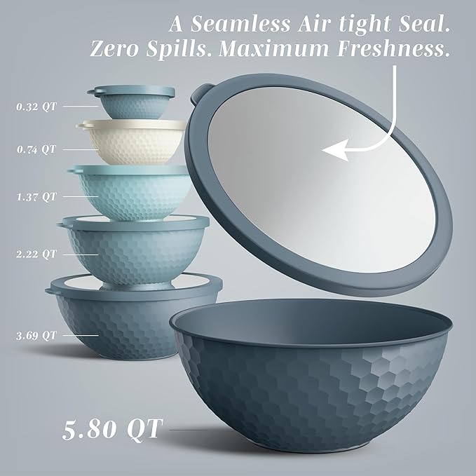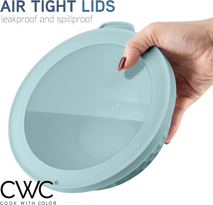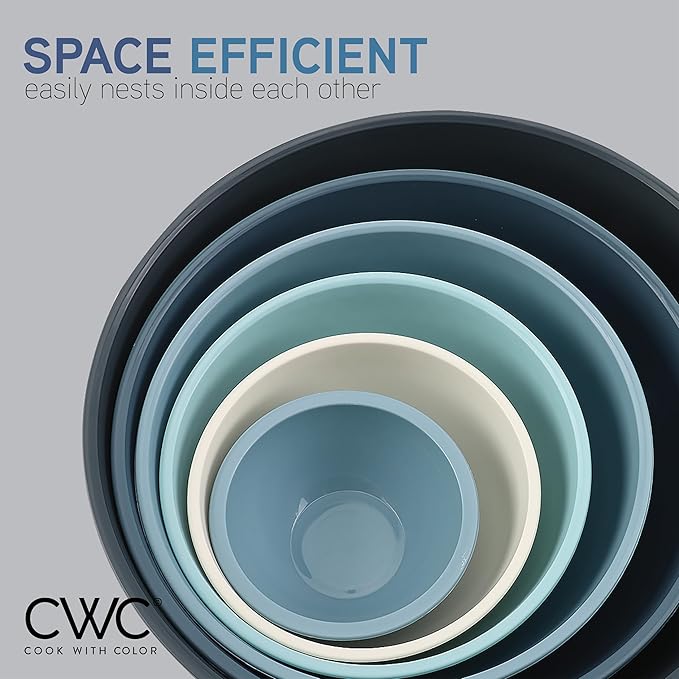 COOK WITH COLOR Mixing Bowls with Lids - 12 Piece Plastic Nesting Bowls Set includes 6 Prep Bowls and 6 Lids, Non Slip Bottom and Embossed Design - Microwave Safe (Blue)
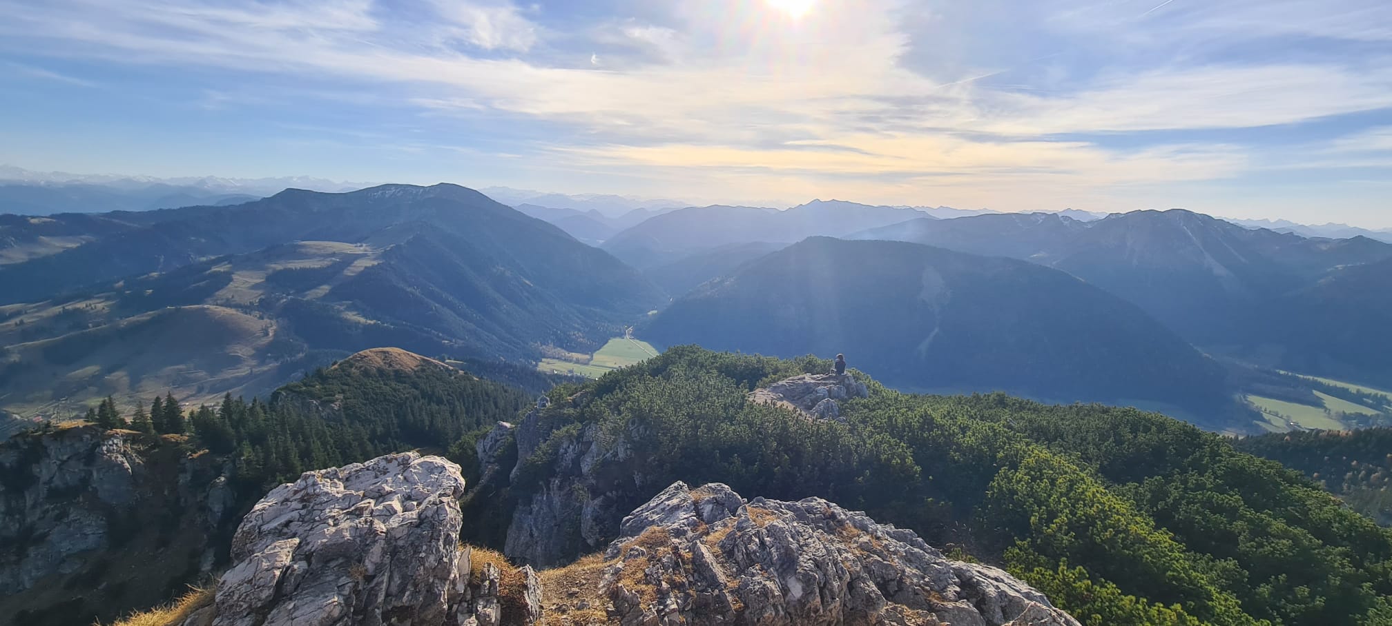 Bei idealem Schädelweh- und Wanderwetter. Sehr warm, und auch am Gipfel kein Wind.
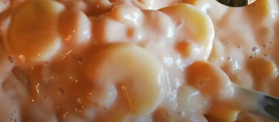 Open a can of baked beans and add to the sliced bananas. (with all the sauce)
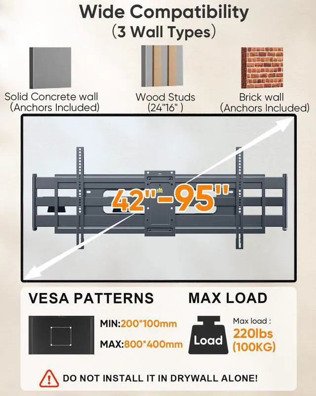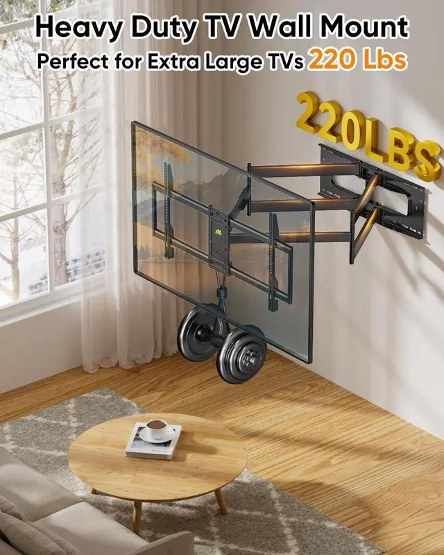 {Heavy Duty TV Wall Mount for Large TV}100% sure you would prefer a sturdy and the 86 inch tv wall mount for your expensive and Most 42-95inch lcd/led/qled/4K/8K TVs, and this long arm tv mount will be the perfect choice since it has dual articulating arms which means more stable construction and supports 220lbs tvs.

____________

Required work — What do the lines above say from the line containing "Open a can of" through the last line? Quote them exactly, both ends included, and leave out the pictures.

Completed task —
 Open a can of baked beans and add to the sliced bananas. (with all the sauce)
 {Heavy Duty TV Wall Mount for Large TV}100% sure you would prefer a sturdy and the 86 inch tv wall mount for your expensive and Most 42-95inch lcd/led/qled/4K/8K TVs, and this long arm tv mount will be the perfect choice since it has dual articulating arms which means more stable construction and supports 220lbs tvs.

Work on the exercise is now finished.